Император Нерон, тот самый, при котором начались на христиан гонения, прослышал, что делается в Сирии, тотчас сменил наместника, а предводителем войска назначил Веспасиана. Человек незнатного рода, преклонных лет, Веспасиан считался одним из опытных военачальников. Бóльшую часть своей жизни он провел в рядах войска, отличился при завоевании Британии, или нынешней Англии, а потом занимал разные государственные должности. Только однажды он навлек на себя гнев императора. Он заснул в то время, когда Нерон, одевшись актером, читал перед народом стихи. Хотя в глазах императора это было тяжкое преступление, но оно как-то сошло ему благополучно. Веспасиан остался в милости. Между тем евреи хлопотливо занимались вооружением страны. В Иерусалиме заправлял восстанием Синедрион, или Собрание старейшин. Он разделил страну на 5 участков и назначил правителей. В Галлию, самую населенную и богатую попал Иосиф, потомок царской фамилии, но больше ученый человек, чем воин. Собрав до 60 тысяч сельчан, он не сумел их обучить ратному делу и занимался больше постройкой укреплений. Эти укрепления так и остались законченными.

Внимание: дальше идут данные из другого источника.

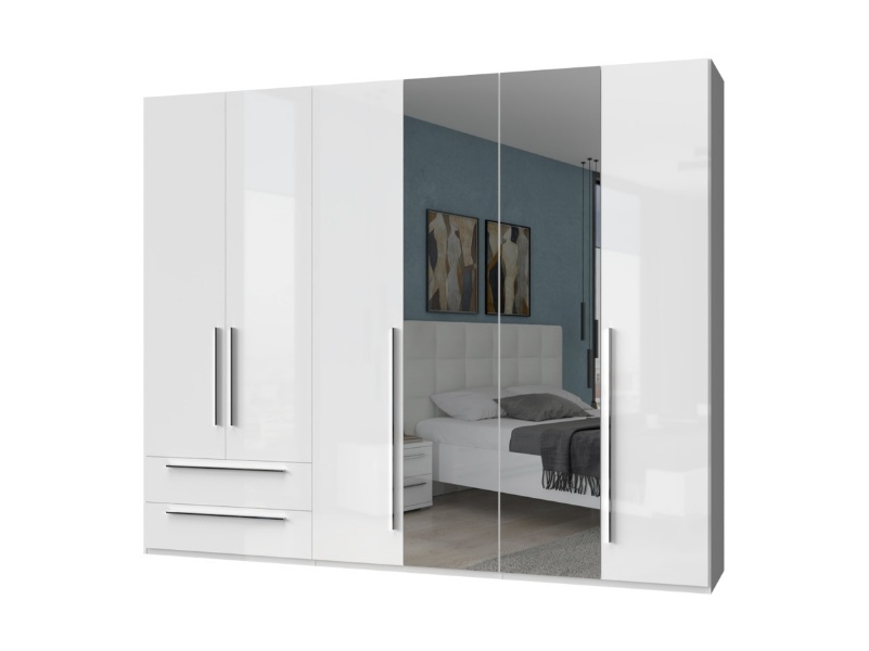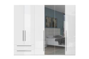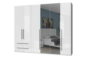 Dulap cu 6 usi si 2 sertare PIANO WHITE 272x224x56cm alb lucios/ oglinda, maner crom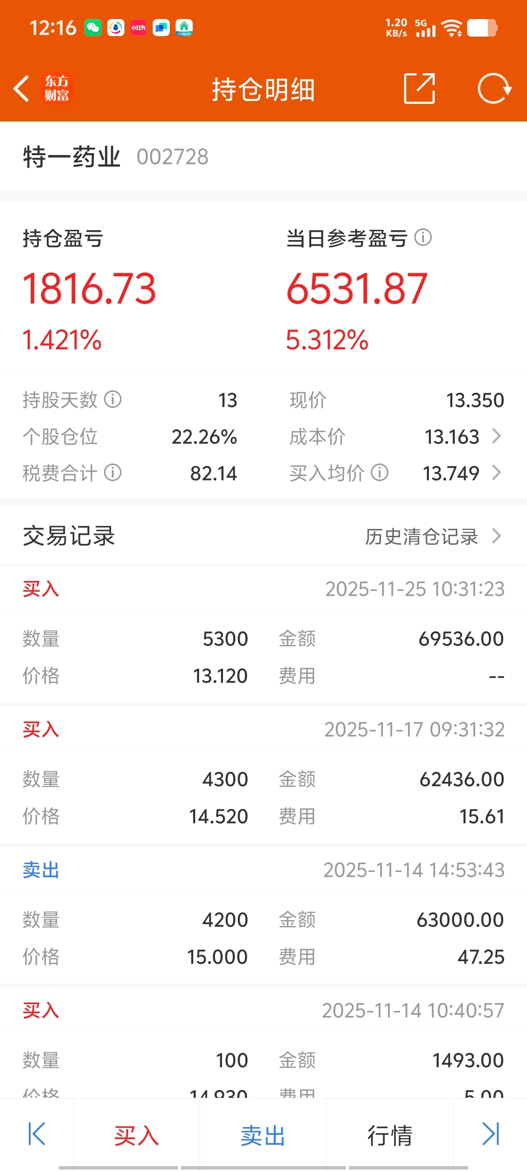 $特一药业(SZ002728)$ 看好它今天加仓加对了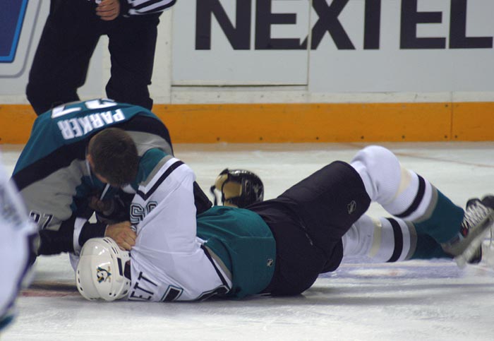 Scott Parker only had 3 minutes and 3 seconds of ice time in the entire game. If I am Sharks coach Ron Wilson, I introduce Parker to Bertuzzi and squelch any ideas of game dominance before they start. Self-preservation would be more appropriate.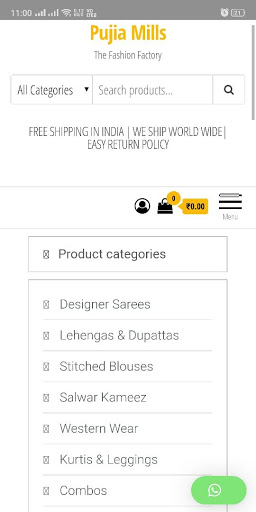 Sarees: The Ethnic Wear Shopping App of Sarees in pujiamills.com is quite versatile with its designs. It has fabrics like Georgette, Chiffon, Poly Georgette, Silk Blend, Cotton, Poly Silk, Khadi & Many more. It has design type like Banarasi Silk, Kanjeevaram, Bollywood, Assam Silk, Chanderi, Mangalagiri & many more. So, people who tend to visit at pujiamills.com for the shopping of sarees will have a great experience.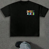 Camiseta unisex de talla grande con letras de patchwork impresas digitalmente sin afectar la textura de la tela. comoda, suave y transpirable. adecuada para el uso diario en verano. cuello redondo, de moda, versatil, estilo y2k, unisex, camiseta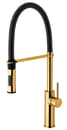 Med dette køkkenarmatur i børstet honningguld og sort får du et stilrent og funktionelt valg, der forener italiensk design med brugervenlighed. Den udtrækkelige tud med fleksibel fjederslange gør det nemt at skylle, fylde og rengøre, uanset om du arbejder med store gryder eller har brug for ekstra rækkevidde i køkkenvasken.

Весной 67 года Веспасиан прибыл в город Антиохию и тотчас послал своего сына Тита с небольшим отрядом, бывшим у них под рукой, занять в Галилее самый важный город Сепфорис, преданный римлянам. Пока Тит исполнял это смелое поручение, под начальством Веспасиана собрались значительные силы, около 60 тысяч пехоты и конницы, но собственно римлян было не более 20 тысяч. С такими силами уже можно было начать трудную войну. Первое время Веспасиан подтянул в войсках дисциплину, внушил начальникам как следует исполнять свой долг, поднял дух солдат своим простым и ласковым обращением; внушил им доверие к себе своей неподкупной честностью, прямодушием и храбростью. Только после этого Веспасиан выступил в поход. Он задал себе такой план: наступая с севера, раздавить мятежников сначала в Галилее, а потом в Иудее; все, что уйдет от меча римлян, загнать в Иерусалим и под стенами этого города действовать, смотря по обстоятельствам: или ожидать, пока они передерутся, перемрут с голоду и запросят пощады, или же покончить с ними одним ударом, штурмом. Защитники Галилеи рассыпались перед Веспасианом; римский полководец вогнал мятежников в небольшой, но укрепленный городок Иотапату, нынешний Иефат. С ними находился сам Иосиф. Евреи, народ вовсе не воинственный, издавна умели хорошо отсиживаться; 48 дней убил Веспасиан на осаду Иотапаты и покончил с ней кровавым штурмом. Ни один защитник не хотел сдаваться, кто уцелел – сам убивал себя, или убивали друг друга. Пало 40 тысяч иудеев и взято в плен только двое, в том числе Иосиф Флавий.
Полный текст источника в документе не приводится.